ABSTRACT Introduction: Human nucleoside transporters (hNTs) regulate cellular influx and disposition of anticancer nucleoside drugs. Cytarabine and fludarabine uptake in leukemic cells, which occurs primarily via human nucleoside transporter 1 (hENT1), was shown to be inhibited by imatinib and nilotinib [ 1 , 2 ]. We studied interactions of the BCR-ABL kinase inhibitors bosutinib, dasatinib, imatinib, nilotinib and ponatinib with five human nucleoside transporters (hENT1-2 and hCNT1-3) that mediate cellular uptake of various anticancer nucleoside drugs. Materials and methods: hNT interactions with bosutinib, dasatinib, imatinib, nilotinib and ponatinib were assessed by comparing their relative abilities to inhibit [3H]uridine uptake in yeast producing each of the recombinant hNTs individually. Inhibition of [3H]uridine, [3H]cytarabine, [3H]fludarabine and [3H]cladribine uptake and long-term accumulation was examined in the CEM cell line. Inhibition of [3H]uridine uptake was also studied in the K562 and KG1 cell lines. Results: BCR-ABL TKIs inhibited recombinant yeast hENT1 and hENT2 with some inhibiting more than others. One or more hCNTs was inhibited by bosutinib, ponatinib, dasatinib and imatinib whereas nilotinib had no effect. In CEM cells (possess only hENT1) nilotinib inhibited hENT1 most potently followed by bosutinib, ponatinib, dasatinib and imatinib with IC50 values of ± 0.7, 2.0, 3.0, 8 and 16 µM, respectively.
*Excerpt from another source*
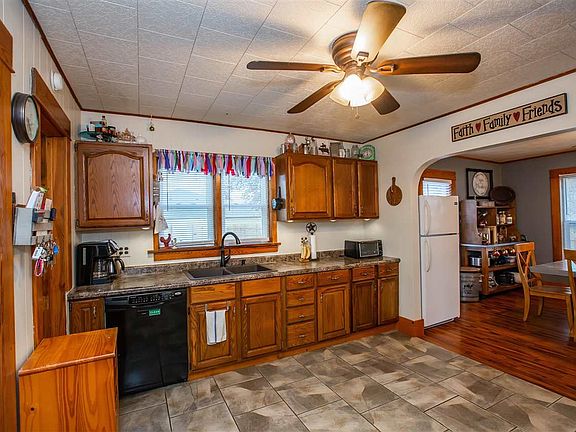 Beautiful hidden treasure in the heart of Wamego. Most people will drive by this home and never see it. It was an original homestead in Wamego and now has a perimeter of fencing around the property with a mechanical gate that opens to the charming wooded property. Very private home that boasts a two truck shop, with heating and air. A sturdy new fence and many updates have been added to the property! Screened in and finished back porch. Built 6 foot privacy fence around entire property Added kitchen cabinets, countertops and pantry Installed Custom made Iron gate with electric opener Re-rocked driveway and installed drainage system under gate Built flower bed and installed drains for rain water drainage. Built retaining wall on South side of flower bed. Replaced all water lines in the house (Aug 2019) Spickets on exterior of house replaced Installed new kitchen sink, faucet and garbage disposal. And many more updates.Sewer line replaced (July 2020) and more updates!

Accumulation of [3H]cytarabine, cladribine and fludarabine in CEM cells was inhibited by all five BCR-ABL TKIs. Experiments are underway to figure out mechanisms of hNT inhibition by these TKIs. Conclusions: All five BCR-ABL TKIs inhibited hENT1 and hENT2 to different extent leading to reduced intracellular nucleoside accumulation. In addition at least one or more hCNTs were inhibited except by nilotinib. acknowledgements: This research was funded by the Alberta Cancer Board Research Initiative Program (M.B.S., C.E.C), and the Canadian Cancer Society Research Institute (C.E.C.).